Dr. Foley served as the past director of Transforming the Culture of Dying: The Project on Death in America, a nine-year, $45-million study to find ways to institutionally improve the care of the dying. By the end of the project in 2003, Dr. Foley says faculty scholars resided in about half of the medical centers around the country and were “the Trojan horses of change within their institutions” for advancing the cause and the need for palliative care.

But just as important as palliative care is “maintaining a sense of dignity, a sense of essence” at the end of life, says Dr. Chochinov. “We need to show people that what they say and think is important, and that they amount to more than a constellation of symptoms that have arisen from a disease process.”

Despite her cancer, Rose Miller considers herself lucky. She celebrated 36 years of marriage in May to a man she calls gentle and loving. “Maybe I don’t have much time, but the time I have is quality. I’ve lived a good life—the best I know how. Death is just another journey. It’s not the end. I don’t believe there is an end."

Editor’s note: Kelly Jo Dowd passed away at her home in Palm Harbor, Florida, on May 24, 2007. CURE is proud to honor her memory.

“I was completely devastated and very angry. It was the worst news I’ve ever gotten,” says Dowd. Doctors told her that without treatment she had six months to a year to live but after months of chemotherapy, the cancer shows little signs of retreating. Still, Dowd says she’s focusing on remaining strong for Dakoda. “When a mother is strong, you hand that to your daughter and she becomes strong as well. Dakoda has been involved every step of the way. She saw me after my double mastectomy, and she went to every doctor’s appointment with me. There are times when she’s crying and telling me how she feels and I’m crying and telling her how I feel,” says Dowd.
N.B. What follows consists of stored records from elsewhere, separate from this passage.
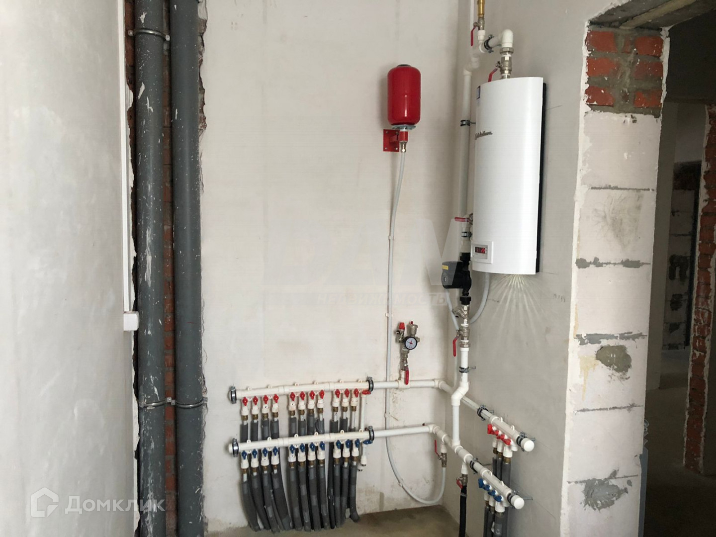 Толщина стен 530 мм, дом очень теплый. Отопление (электро котел, водяной теплый пол + радиаторы) подключено, дом протоплен, можно сразу запускать отделочную бригаду. Электрика разведена по дому, лампочки уже горят. В самые крепкие морозы отопление выходит 10-12 тысяч рублей в месяц.
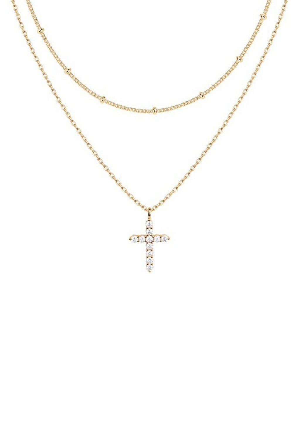 Dainty 18K Gold Plated Stainless Steel Chain Layered Cross Necklace.
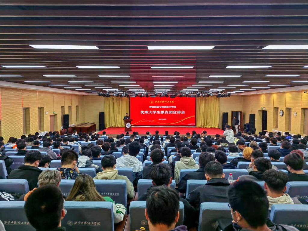 讲述青春故事,传递青春能量,携手共话成长。为促进学院学风建设,有力宣传和充分发挥榜样的示范引领作用,引导学生学有方向、学有所成,结合学校优秀大学生报告团巡讲工作部署,3月17日晚,智能制造与控制技术学院在建德楼203报告厅举办优秀大学生报告团宣讲会。学院党委书记陈雪彬、校党委学生工作部任旗、学院全体辅导员及2022级全体学生参加报告会。报告会由党委副书记曾凯主持。
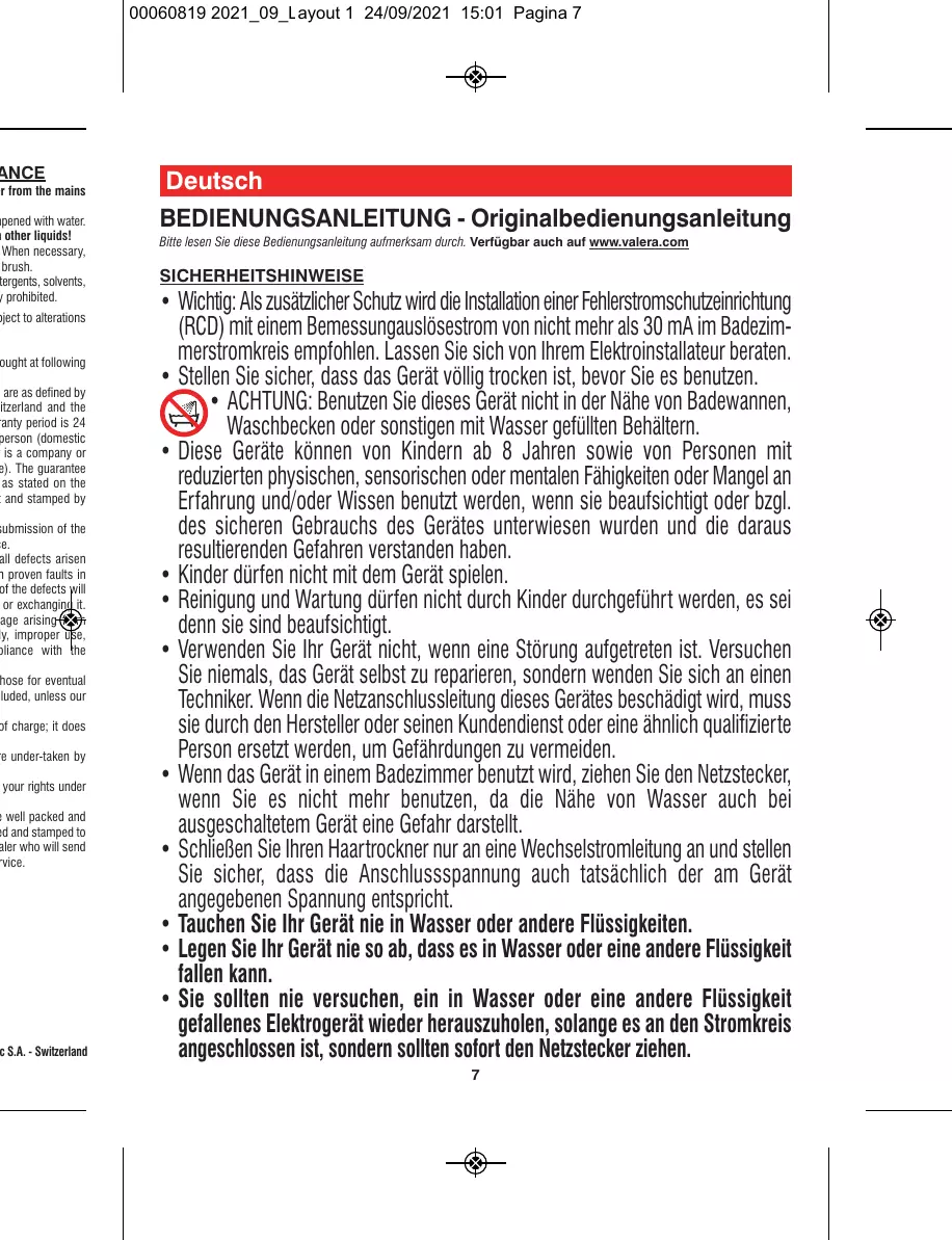 36 DaRryVALERAPISTOLET SECHANTPERFORMER LIGHT2000 - Haartrockner DARTY - Kostenlose Bedienungsanleitung
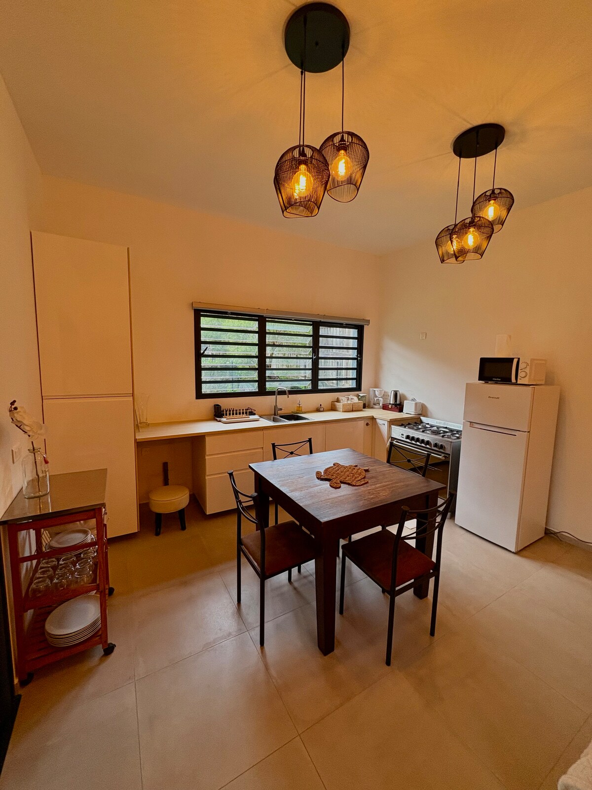 Położone na szczycie Place des Cocotiers, z widokiem na kiosk i morze, to urocze, komfortowe i jasne mieszkanie typu F2, całkowicie odnowione, oferuje wszelkie udogodnienia, których potrzebujesz podczas pobytu. Będziesz w samym sercu miasta, aby cieszyć się pobliskimi sklepami, targowiskiem lub muzeami, z widokiem na altankę muzyczną na Place des Cocotiers i morze. Dzielnica jest przyjemna i spokojna. Znajduje się 10 minut od Baie des Citrons lub Anse Vata
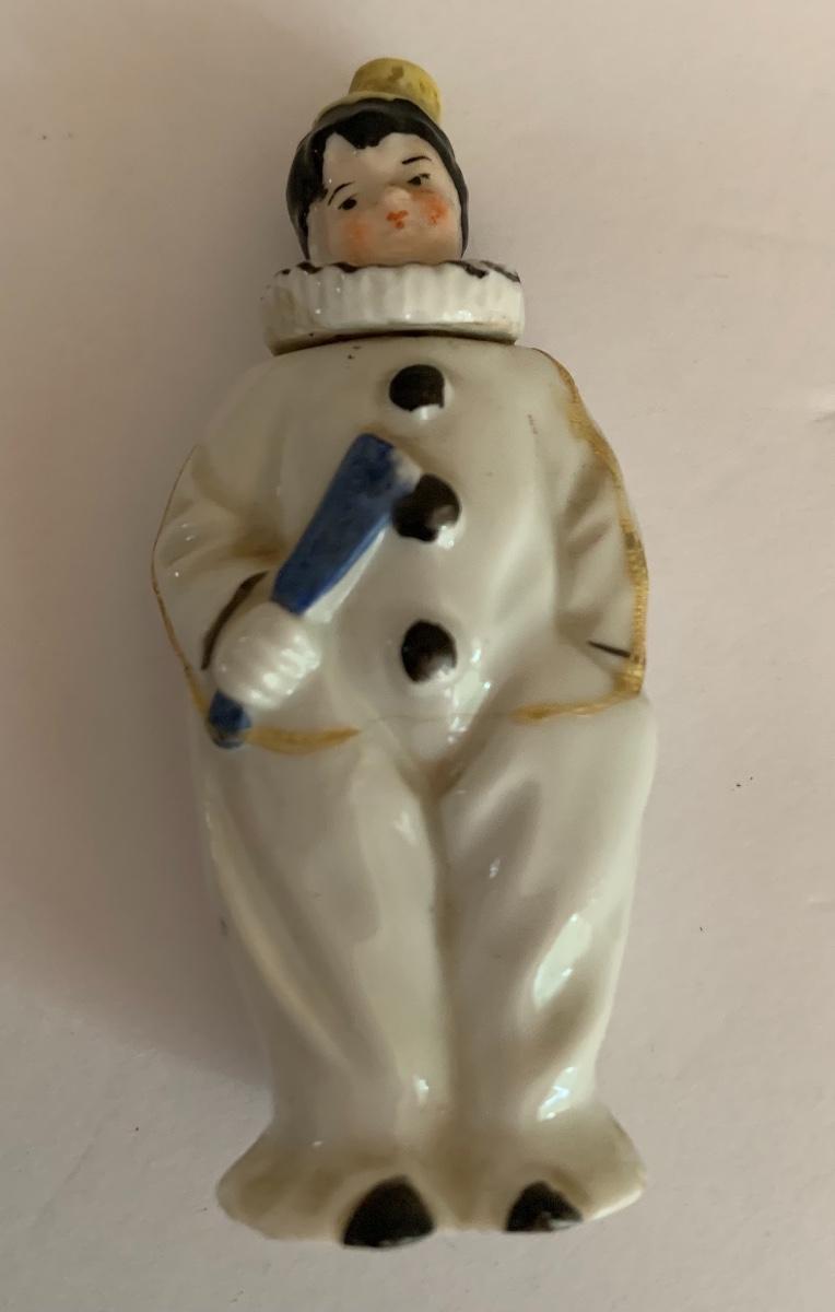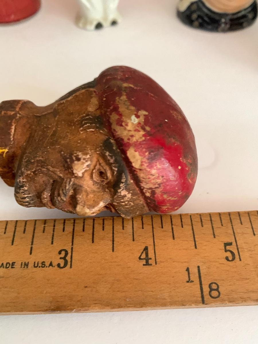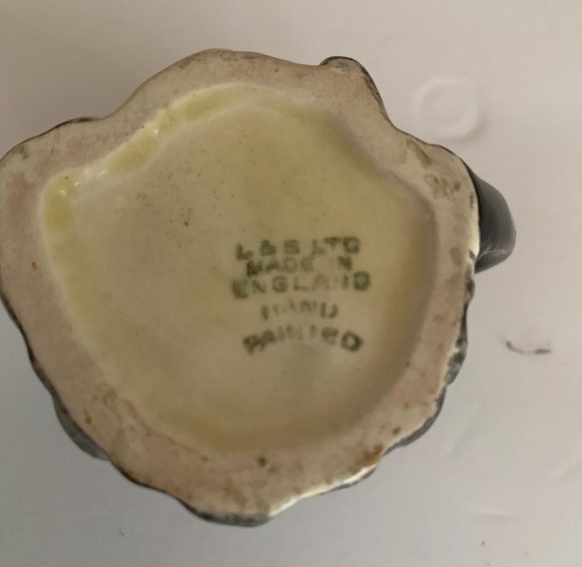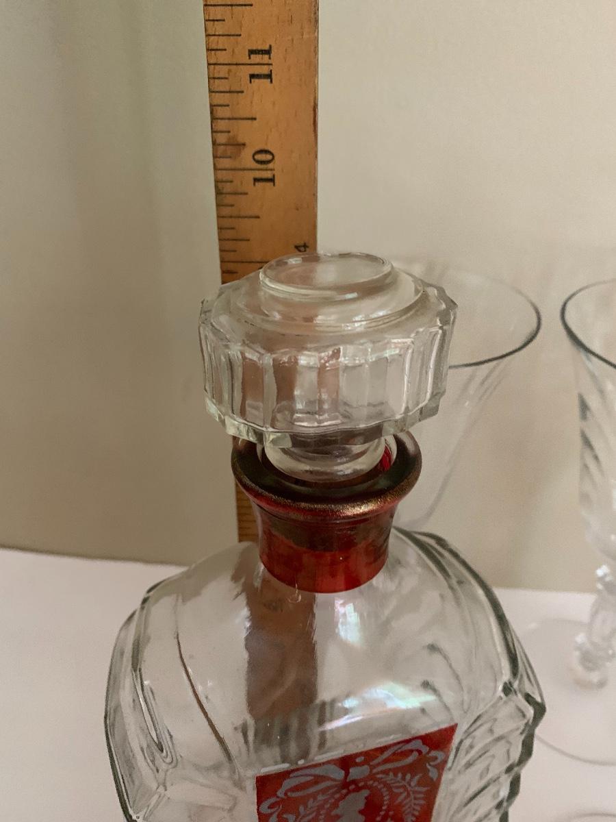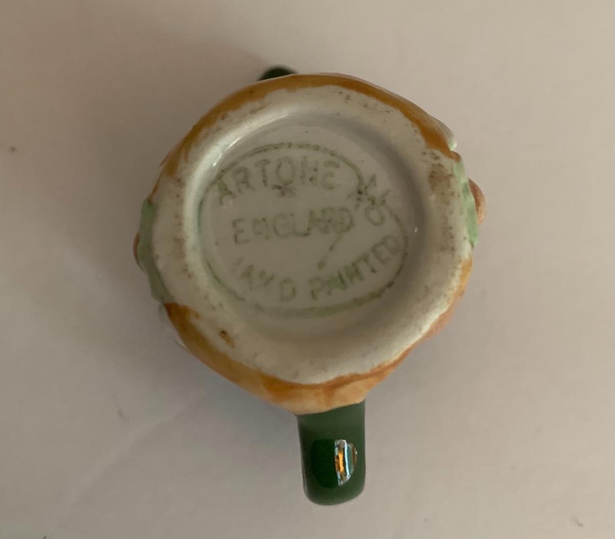 Beautiful etched wine glasses, vintage decanter w/matching glasses. Miniature Figurine with no marking. Artone Hand painted miniature face mug, Royal Daulton miniature face mug and L & S LTD. Hand Painted Face mug.
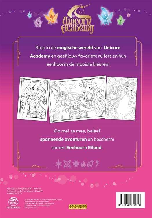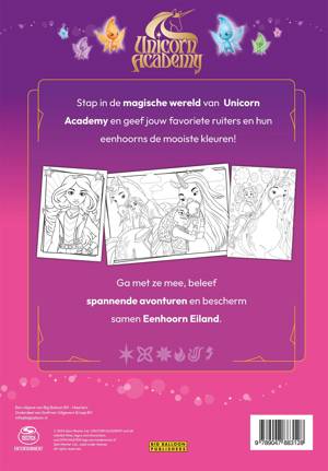 In het 'De wereld van Unicorn Academy kleurboek' geef je jouw favoriete ruiters en eenhoorns kleur! Dit kleurboek is voor kinderen van 6 jaar en zit boordevol met kleurplaten van Sophia, Wildstar, Layla, Glacier en alle andere meiden en paarden op Eenhoorn Eiland. Pak je kleurpotloden of stiften en verheug je op een lekkere creatieve middag thuis.

Married for nearly 19 years, the candid family discussions about Dowd’s illness are giving Mike the opportunity to express his feelings, too. “I’m glad I’ve had the chance to say to my wife, ‘I’m sorry for the times I fell down on the job as your husband.’ That was good to get off my heart, because anyone who’s been married this long has had times when you weren’t all that you should have been,” says Mike, who admits to crying himself to sleep most nights. “Kelly Jo says, ‘Oh, honey, I’m sorry you’re so sad,’ but being able to show my emotions has a dual purpose. It lets me get my pain out and it shows Kelly Jo the depths of my love for her.”